La biblioteca incontra le classi

17 gennaio 2020 - Biblioteca Scuola Costanzo - Classi 4 C e 4 D della Scuola Primaria

Fantaghirò, celebre racconto di Italo Calvino lunedì, 17 febbraio alle ore 09.30 nella Sala Biblioteca dell’Istituto “G.A. Costanzo” di Siracusa,  è stato animato da  tre ardimentose insegnanti, Lucia Leone, Lucilla Spicuglia e Nunzia Patania le quali, animate da una finezza educativa, con pazienza e tanto amore per la scuola, hanno trattenuto le alunne e gli alunni della classe quarta C e quarta D della scuola Primaria con una simpatica performance istrionica. Nell’ambito del progetto “La Biblioteca incontra le classi” le docenti, ormai in meritato giolito, hanno rappresentato con dovizia di particolari, con gioiosa fantasia e con tanto spirito d’iniziativa Fantaghirò, la storia di una principessa, anzi la storia di una ragazza che si batte con coraggio e baldanza per ribaltare un ruolo che non le piace, che non l’ appartiene e che le è stato affibbiato da una società pregiudizievole e arcaica.
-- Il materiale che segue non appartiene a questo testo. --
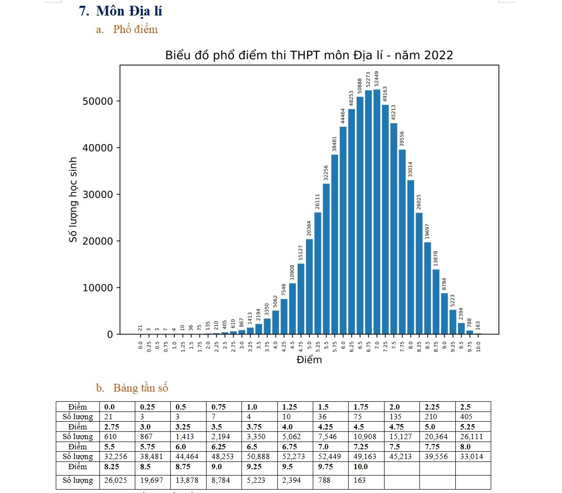 Sau đây là phổ điểm môn Địa lý thi tốt nghiệp THPT năm 2022:

Una donna ribelle, anticonformista che non vuole sottostare ai canoni prestabiliti dal costume del tempo e, con la forza del dialogo e con viva intelligenza riporta la pace nel suo territorio. Si batte e combatte per la giustizia con lealtà delle azioni e con sincerità di animo e solo così riuscirà a porre fine ad anni di incomprensioni e divergenze. Il racconto di Italo Calvino non è una semplice fiaba, ma un monito a riflettere e a comprendere che omnia vincit amor. I conflitti si possono superare con le parole, i compromessi, le negoziazioni, basta volerlo, basta sedersi e discutere con volontà di intenti, senza rancori e dissapori.  A tutto c’è una soluzione senza arrivare necessariamente alle armi e all’odio.  E  il messaggio di Fantaghirò è chiaro: il mondo è di tutti, il mondo è bello. Senza le armi, senza la guerra, noi questo mondo possiamo salvare.  

Parole che hanno lasciato tra i discenti tutti, un segno profondo, tangibile, dimostrato dal fatto che alla fine gli alunni, commossi, si sono presi per mano in un sano e bel gesto di unione, di amore, di fratellanza. E come tutte le fiabe che si rispettino…E tutti vissero felici e contenti!